WHAT TO WORK ON —
Using the data that follows, give again word for word the lines between the one holding "If you are planning" and the one holding "Artemis is the", inclusive. Omit the pictures.

(Stored data)
::::::::
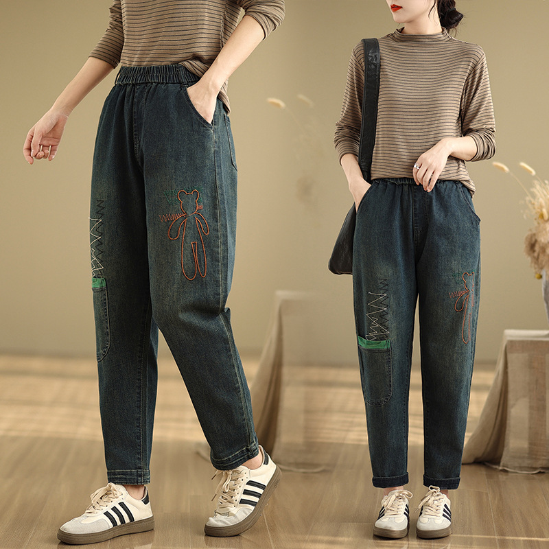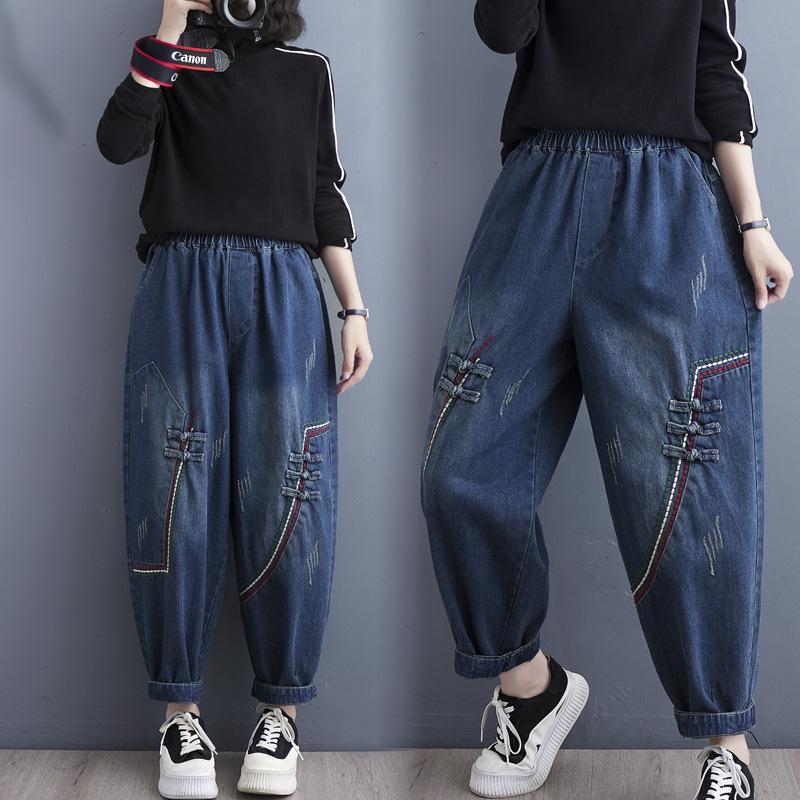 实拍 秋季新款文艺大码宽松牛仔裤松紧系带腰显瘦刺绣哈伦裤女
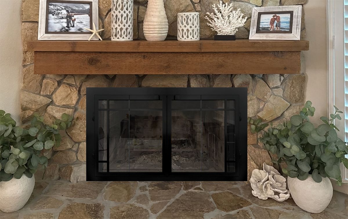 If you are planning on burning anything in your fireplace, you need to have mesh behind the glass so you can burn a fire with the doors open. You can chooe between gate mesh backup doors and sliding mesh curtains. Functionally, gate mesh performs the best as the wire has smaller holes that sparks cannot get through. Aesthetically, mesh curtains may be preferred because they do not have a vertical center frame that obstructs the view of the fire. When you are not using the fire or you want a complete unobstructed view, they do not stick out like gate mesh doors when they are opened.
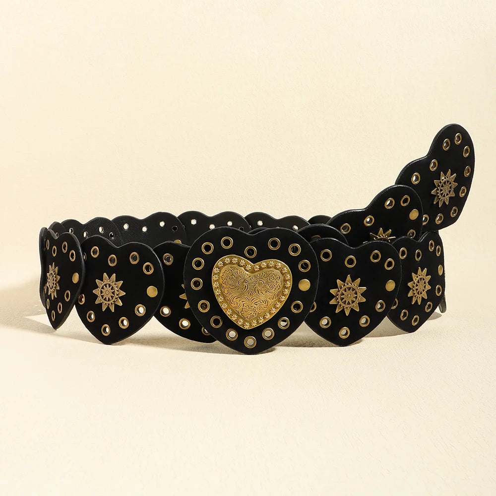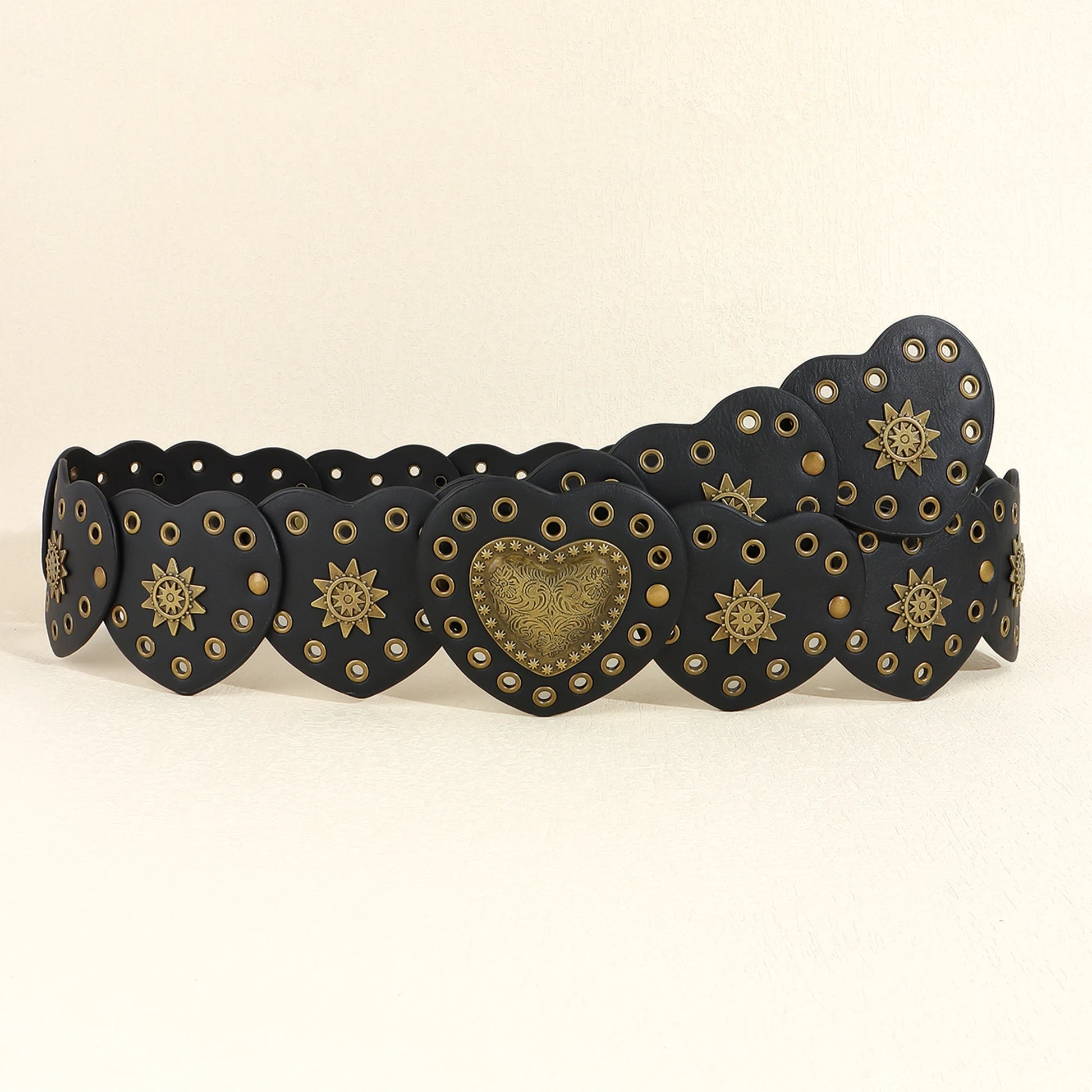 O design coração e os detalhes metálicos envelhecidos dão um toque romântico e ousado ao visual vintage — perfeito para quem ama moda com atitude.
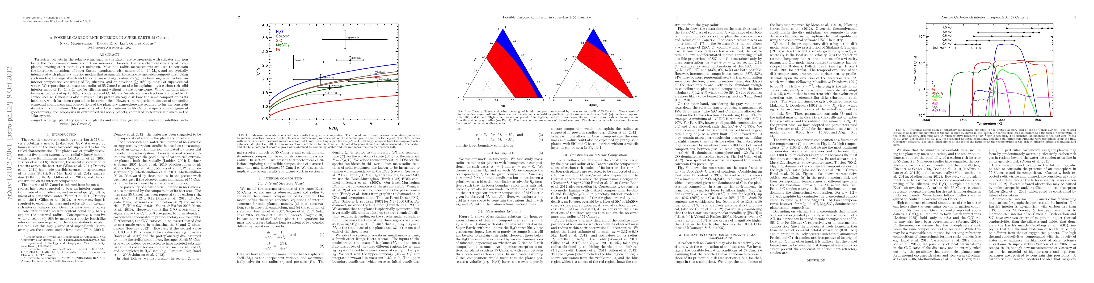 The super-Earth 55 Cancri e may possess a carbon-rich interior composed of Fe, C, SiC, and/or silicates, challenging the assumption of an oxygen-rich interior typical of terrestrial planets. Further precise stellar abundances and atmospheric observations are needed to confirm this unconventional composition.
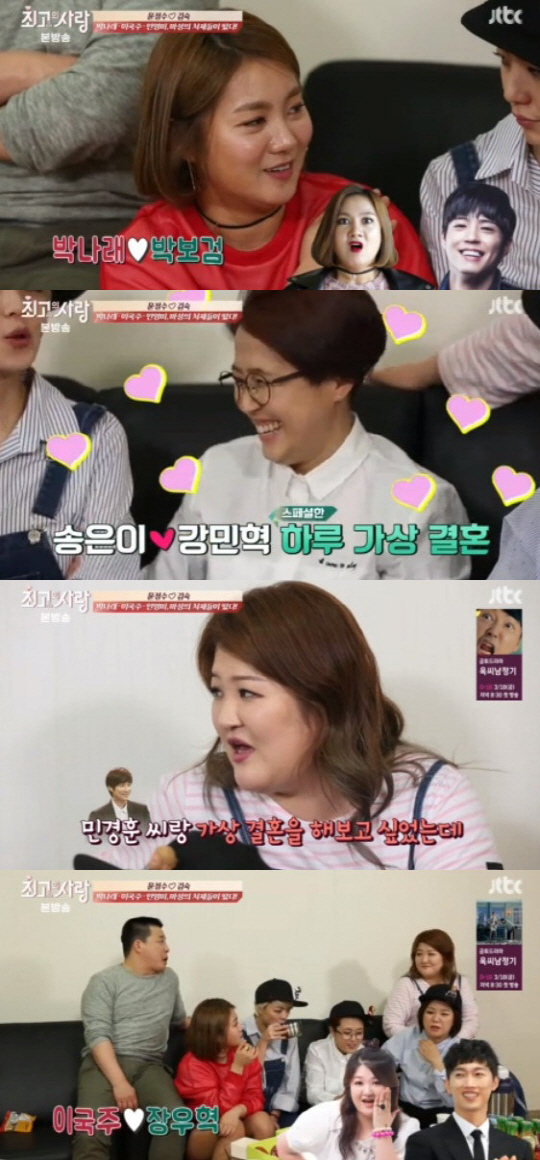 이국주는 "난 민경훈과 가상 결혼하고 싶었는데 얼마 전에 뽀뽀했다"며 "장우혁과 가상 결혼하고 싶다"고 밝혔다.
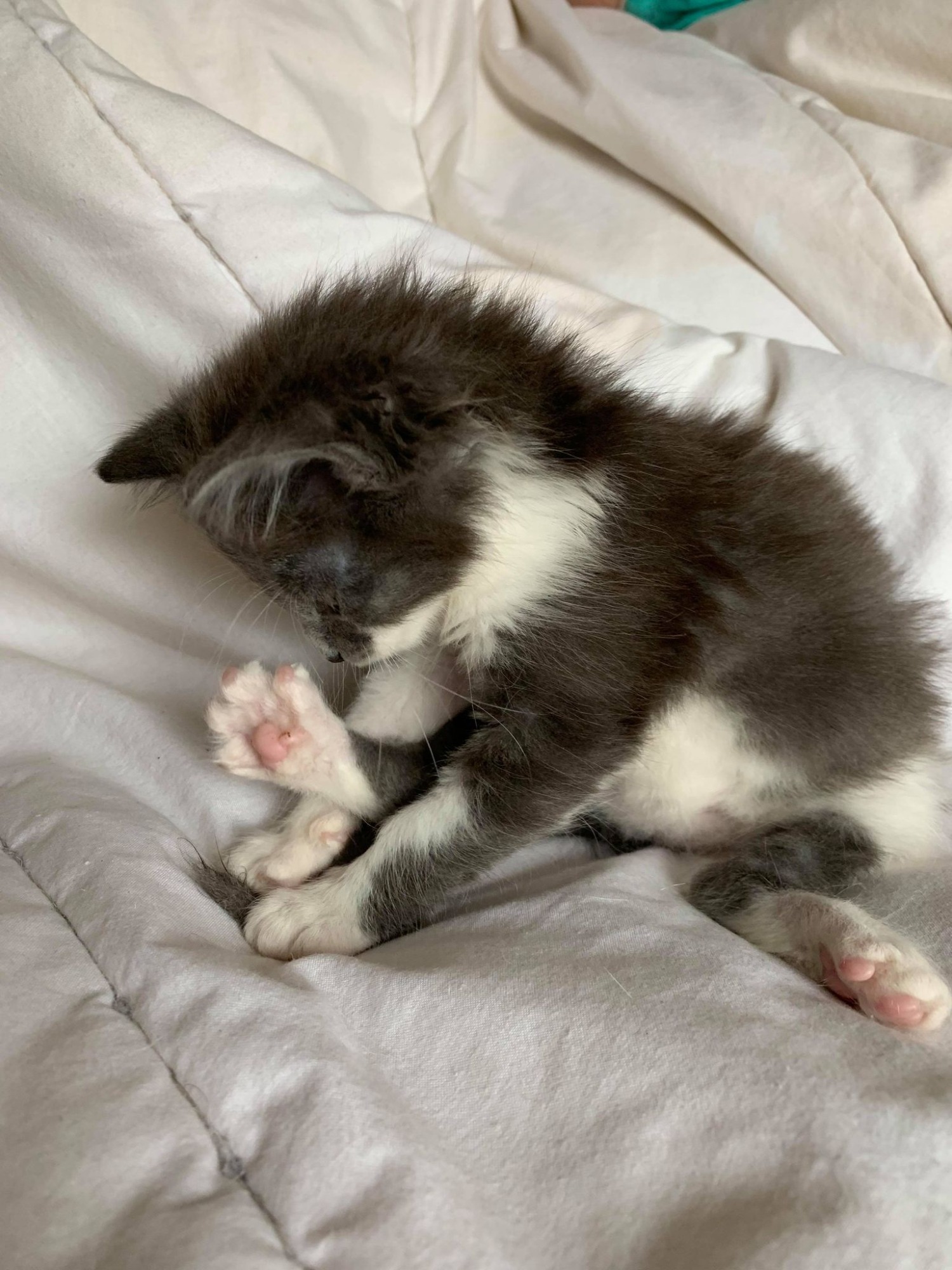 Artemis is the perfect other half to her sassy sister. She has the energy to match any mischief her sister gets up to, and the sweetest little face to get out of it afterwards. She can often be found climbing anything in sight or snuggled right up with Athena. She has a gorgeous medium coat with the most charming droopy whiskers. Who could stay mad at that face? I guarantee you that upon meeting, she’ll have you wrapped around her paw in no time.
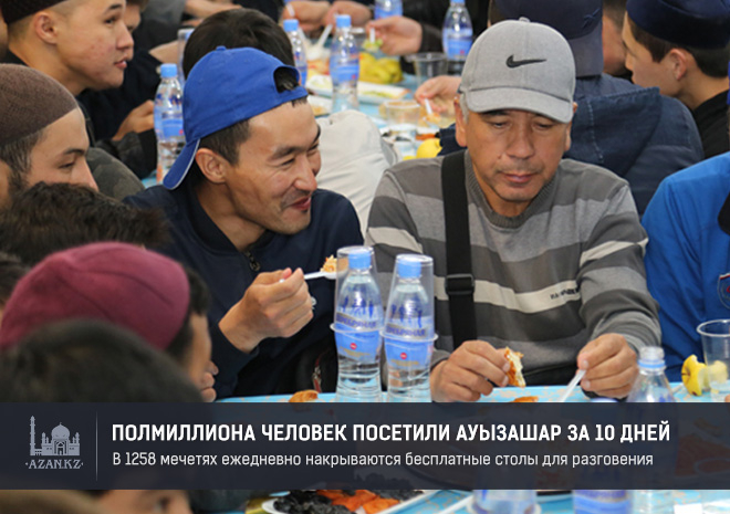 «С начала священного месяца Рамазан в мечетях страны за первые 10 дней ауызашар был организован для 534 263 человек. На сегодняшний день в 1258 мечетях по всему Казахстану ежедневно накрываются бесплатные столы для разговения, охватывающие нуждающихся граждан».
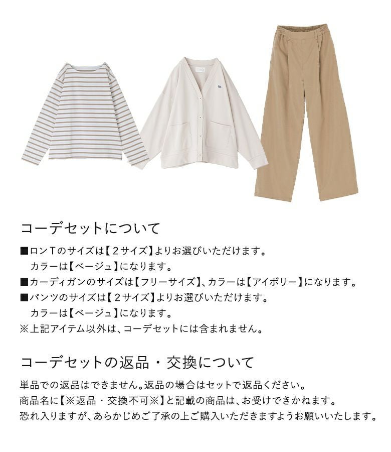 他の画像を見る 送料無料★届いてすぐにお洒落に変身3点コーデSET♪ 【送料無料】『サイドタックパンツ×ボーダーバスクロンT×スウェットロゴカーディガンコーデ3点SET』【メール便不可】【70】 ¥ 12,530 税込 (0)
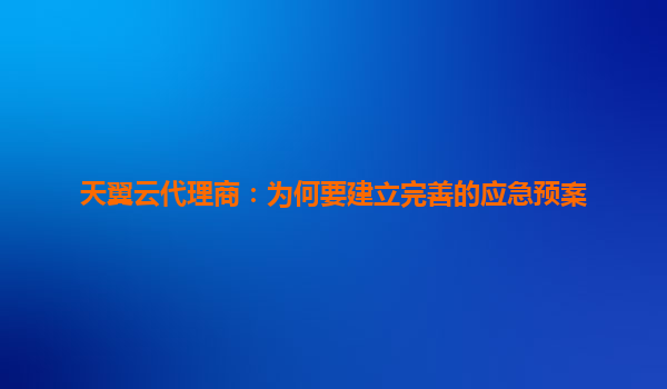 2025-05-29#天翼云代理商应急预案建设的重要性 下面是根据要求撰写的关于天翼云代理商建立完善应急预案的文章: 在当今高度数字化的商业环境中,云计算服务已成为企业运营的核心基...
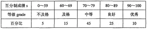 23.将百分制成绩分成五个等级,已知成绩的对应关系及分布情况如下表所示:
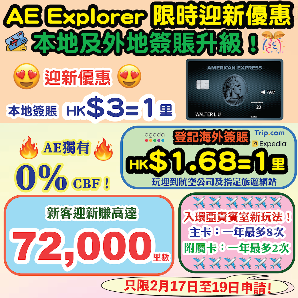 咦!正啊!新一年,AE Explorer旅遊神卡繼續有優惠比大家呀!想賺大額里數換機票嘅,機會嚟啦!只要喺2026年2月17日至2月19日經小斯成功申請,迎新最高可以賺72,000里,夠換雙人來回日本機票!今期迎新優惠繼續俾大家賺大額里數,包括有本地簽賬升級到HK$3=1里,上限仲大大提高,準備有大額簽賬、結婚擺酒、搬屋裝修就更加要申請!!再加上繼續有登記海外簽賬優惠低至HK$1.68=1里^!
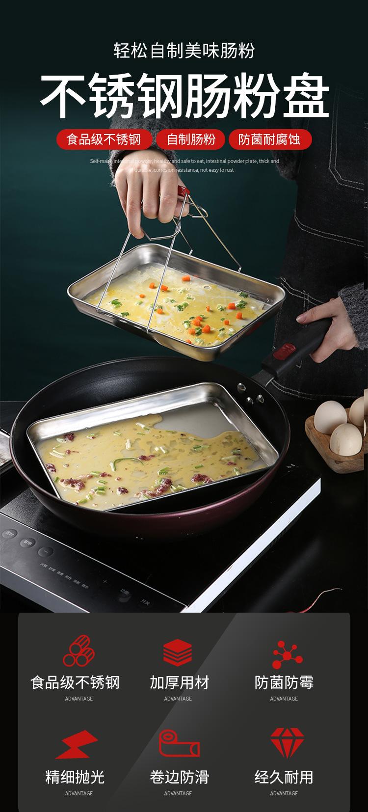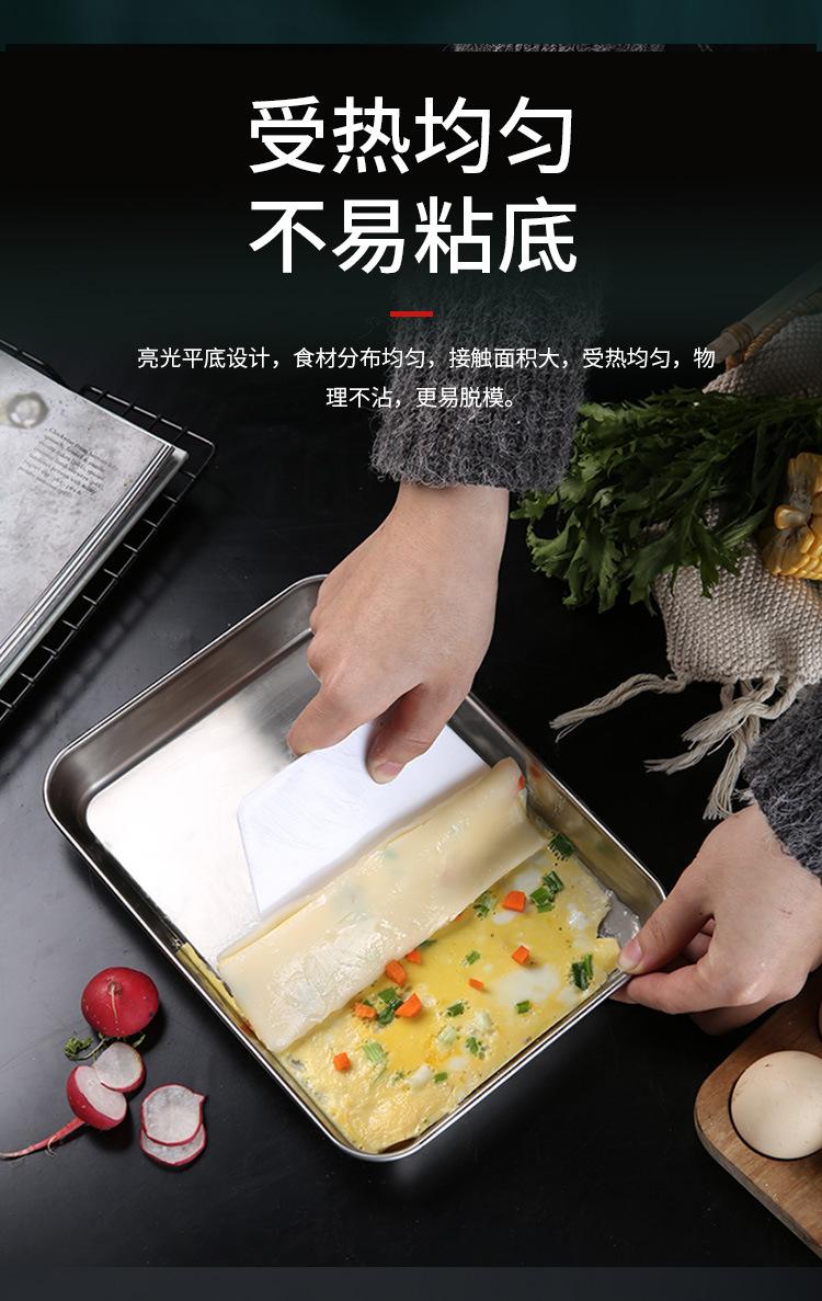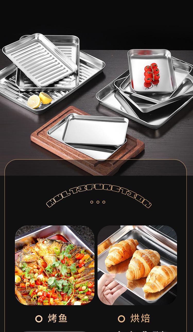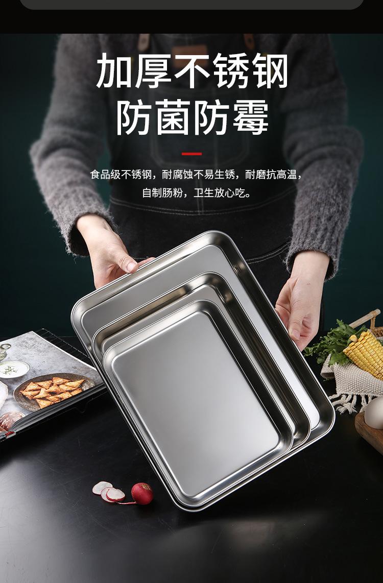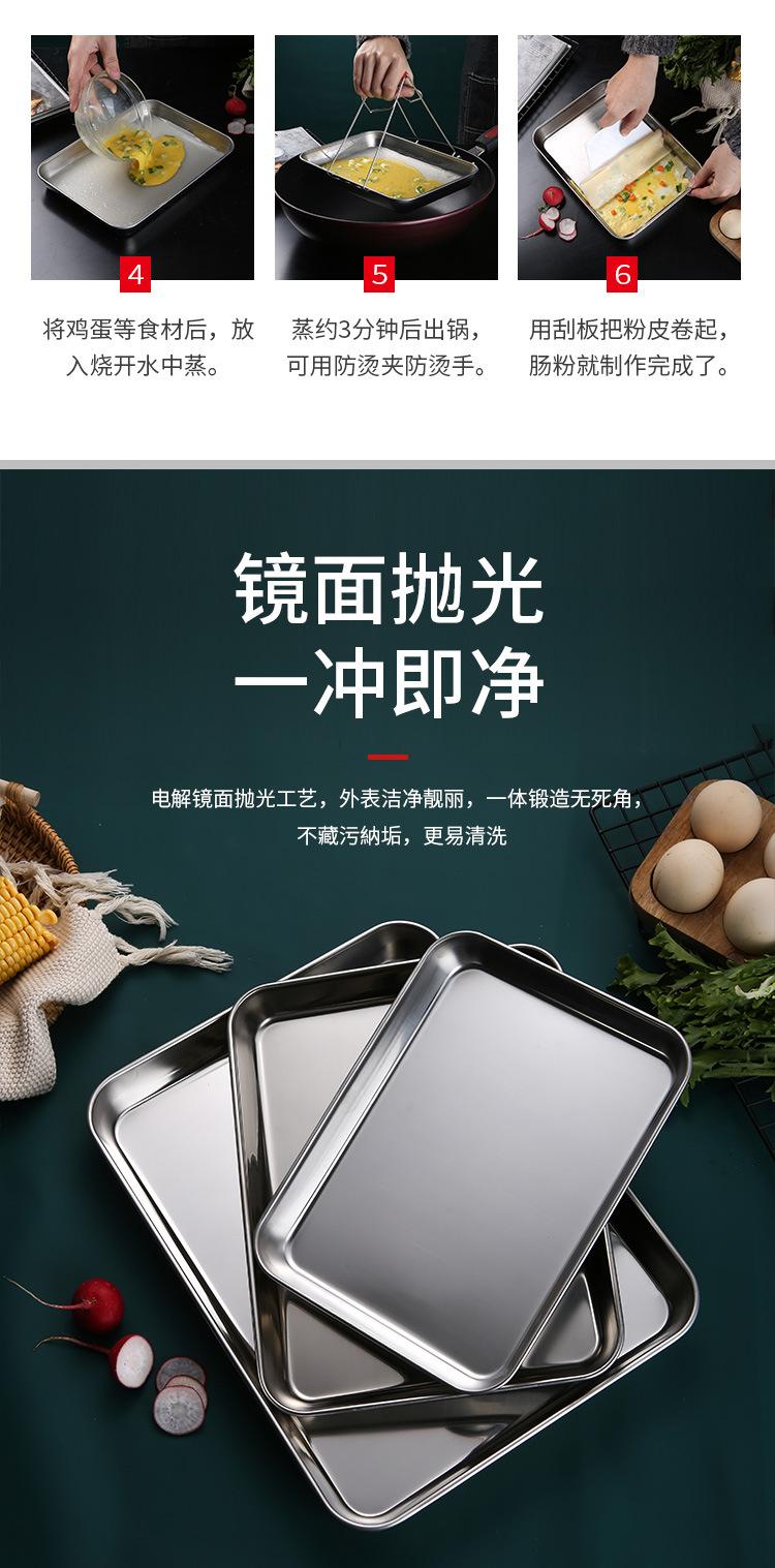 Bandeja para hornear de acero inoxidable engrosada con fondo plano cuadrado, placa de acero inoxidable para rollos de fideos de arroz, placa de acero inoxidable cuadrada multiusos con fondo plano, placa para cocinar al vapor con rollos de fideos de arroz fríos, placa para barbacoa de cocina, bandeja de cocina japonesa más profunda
::::::::
RESULT OF THIS TASK —
 If you are planning on burning anything in your fireplace, you need to have mesh behind the glass so you can burn a fire with the doors open. You can chooe between gate mesh backup doors and sliding mesh curtains. Functionally, gate mesh performs the best as the wire has smaller holes that sparks cannot get through. Aesthetically, mesh curtains may be preferred because they do not have a vertical center frame that obstructs the view of the fire. When you are not using the fire or you want a complete unobstructed view, they do not stick out like gate mesh doors when they are opened.
 O design coração e os detalhes metálicos envelhecidos dão um toque romântico e ousado ao visual vintage — perfeito para quem ama moda com atitude.
 The super-Earth 55 Cancri e may possess a carbon-rich interior composed of Fe, C, SiC, and/or silicates, challenging the assumption of an oxygen-rich interior typical of terrestrial planets. Further precise stellar abundances and atmospheric observations are needed to confirm this unconventional composition.
 이국주는 "난 민경훈과 가상 결혼하고 싶었는데 얼마 전에 뽀뽀했다"며 "장우혁과 가상 결혼하고 싶다"고 밝혔다.
 Artemis is the perfect other half to her sassy sister. She has the energy to match any mischief her sister gets up to, and the sweetest little face to get out of it afterwards. She can often be found climbing anything in sight or snuggled right up with Athena. She has a gorgeous medium coat with the most charming droopy whiskers. Who could stay mad at that face? I guarantee you that upon meeting, she’ll have you wrapped around her paw in no time.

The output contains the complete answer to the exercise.